• WHAT IS BEING ASKED:
Keep the pictures out while you transcribe the listing below exactly.

• INFORMATION SHOWN:
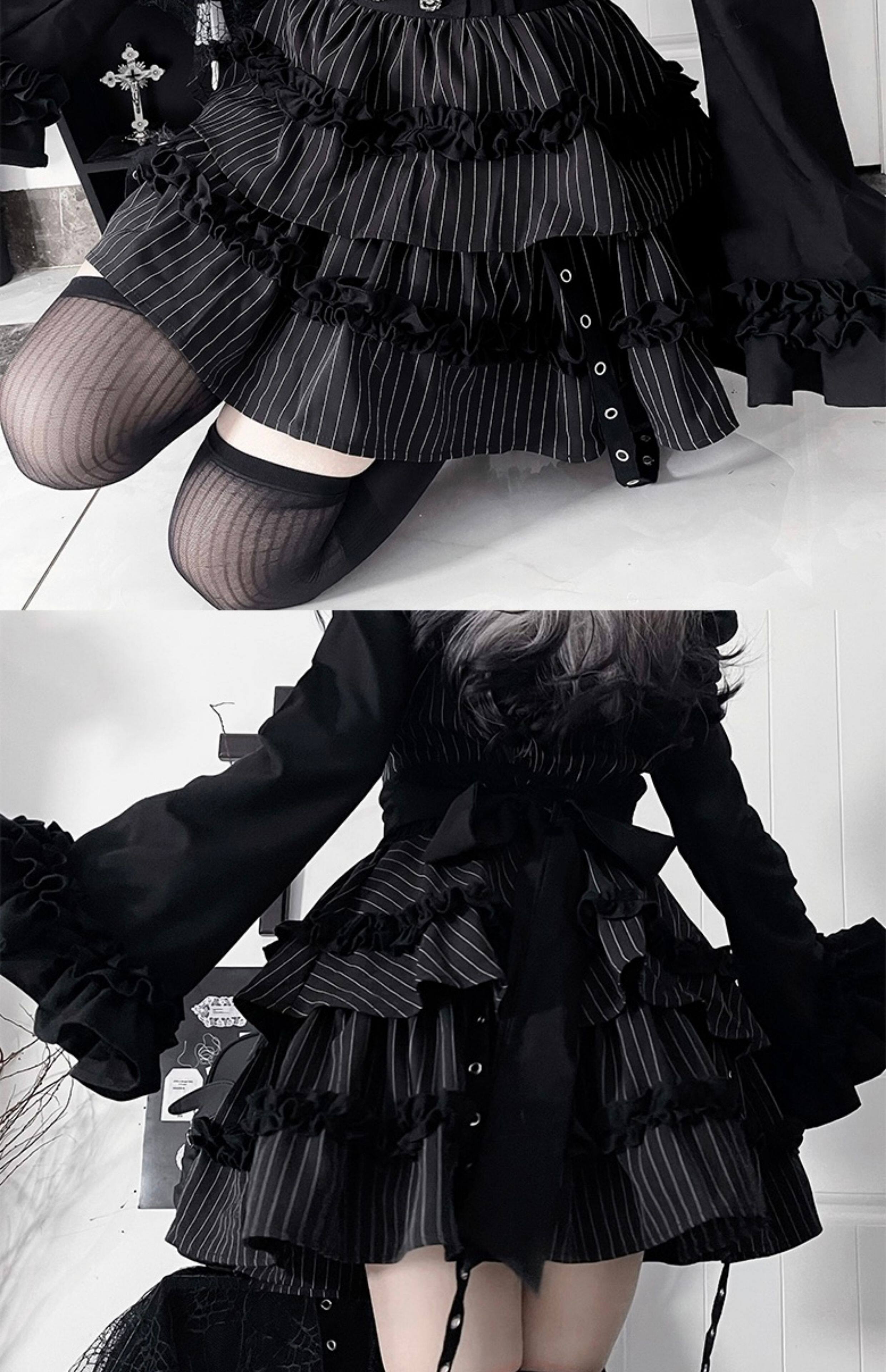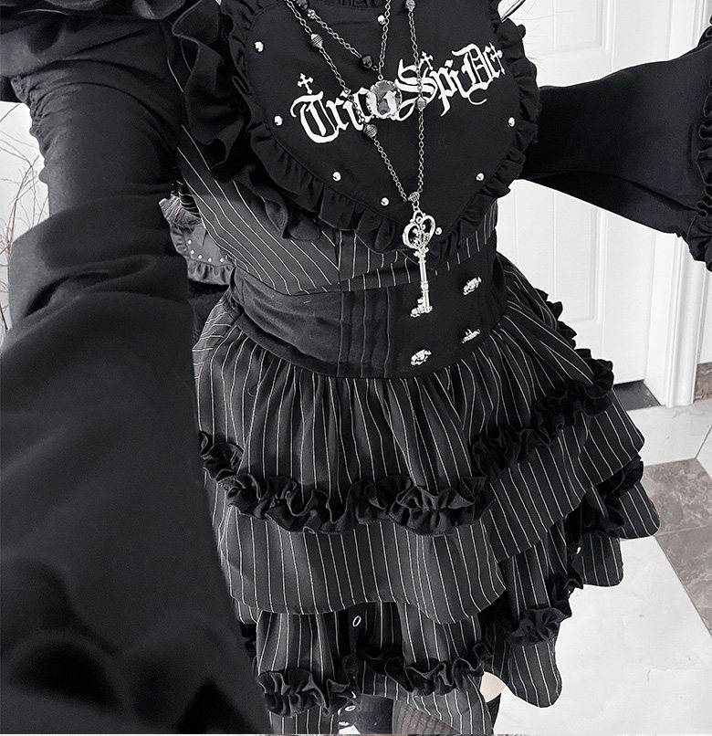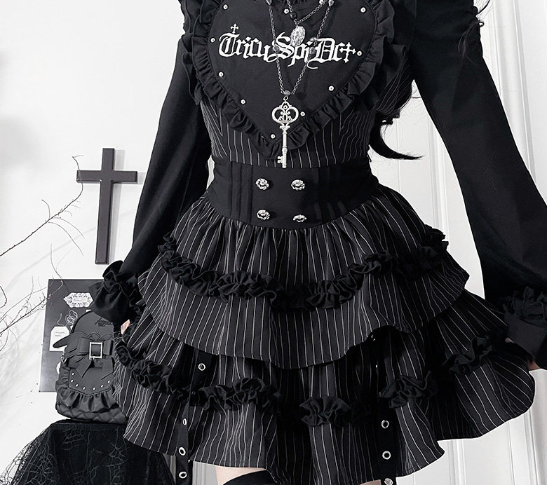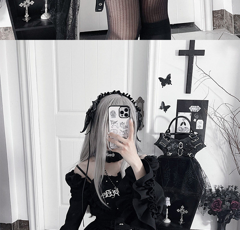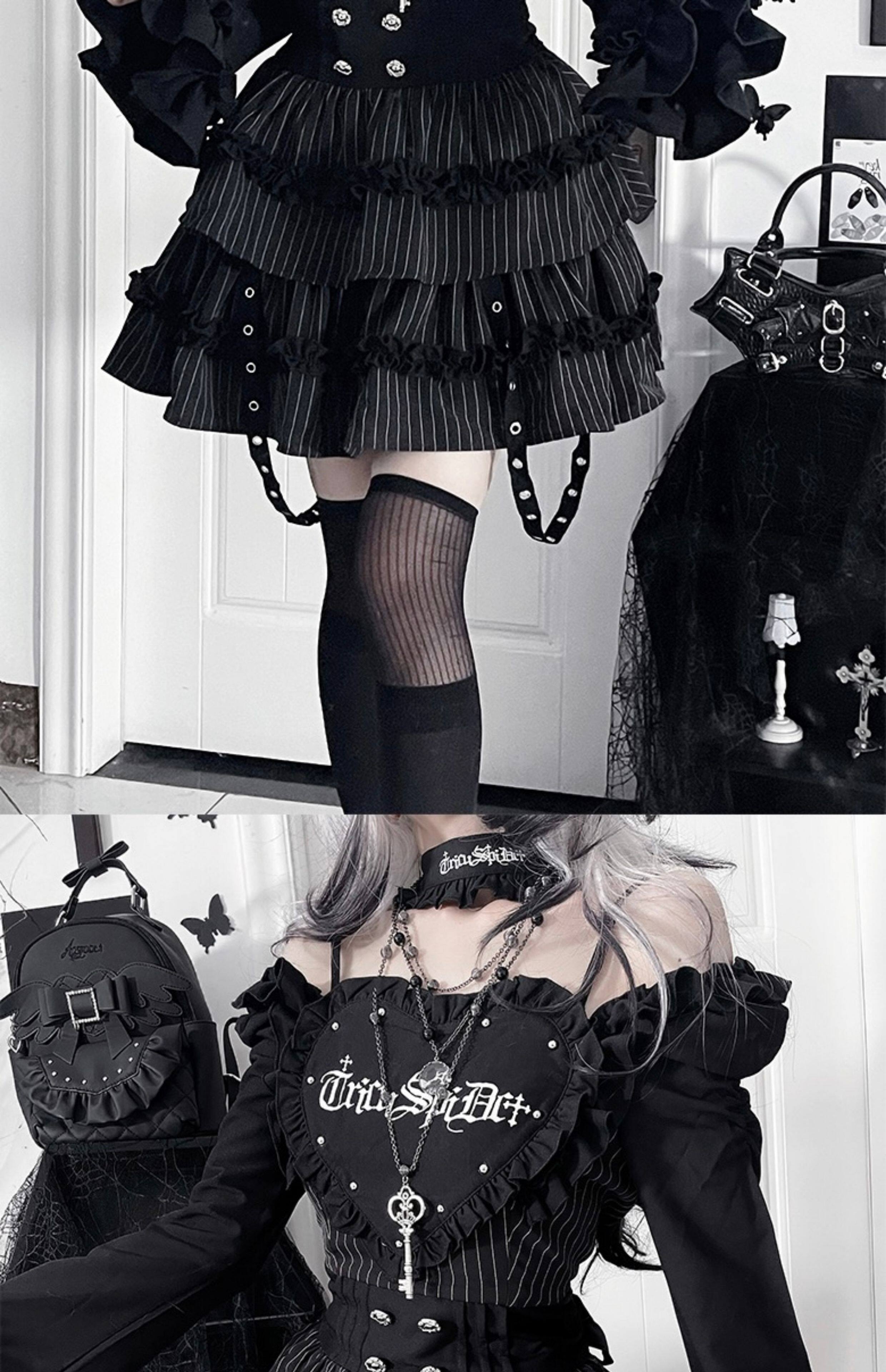 *暗恋手册*柘枝引TC原创印花亚文化哥特暗黑修身长袖洋装春秋 [Original Page Link]
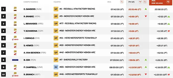 Otra KTM, la de Daniel Sanders, aprovechó la situación para arrebatarle el liderato de la general a Tosha Schareina, reconfigurando la lucha por el título.
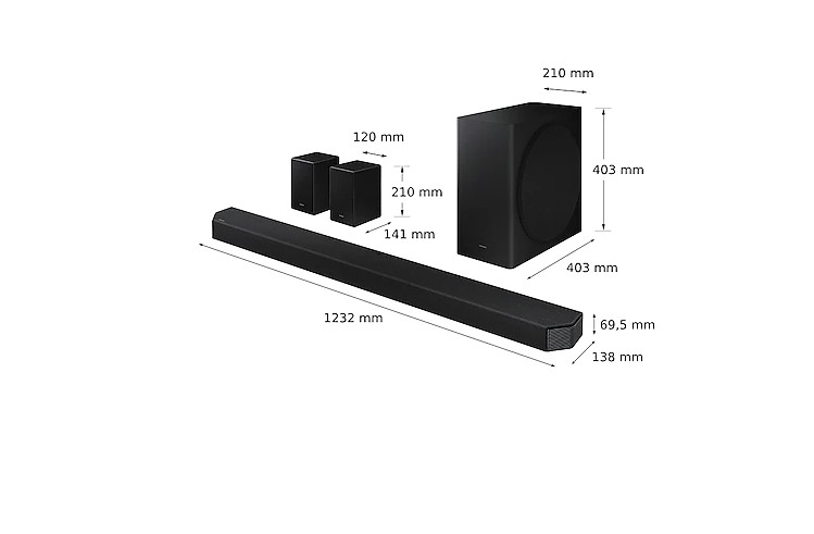 S 11 kanali, 1 kanalom nizkotonskega zvočnika in 4 kanaloma zvočnika, ki zvok usmerja navzgor, dobite zvok, ki vas res prevzame. Idealen spremljevalec vašega televizorja QLED. Postanite eno z zgodbo, saj vas obdaja popolno zvočno okolje z resničnim 11.1.4-kanalnim zvokom.

• PROBLEM SOLUTION:
 *暗恋手册*柘枝引TC原创印花亚文化哥特暗黑修身长袖洋装春秋 [Original Page Link]
 Otra KTM, la de Daniel Sanders, aprovechó la situación para arrebatarle el liderato de la general a Tosha Schareina, reconfigurando la lucha por el título.
 S 11 kanali, 1 kanalom nizkotonskega zvočnika in 4 kanaloma zvočnika, ki zvok usmerja navzgor, dobite zvok, ki vas res prevzame. Idealen spremljevalec vašega televizorja QLED. Postanite eno z zgodbo, saj vas obdaja popolno zvočno okolje z resničnim 11.1.4-kanalnim zvokom.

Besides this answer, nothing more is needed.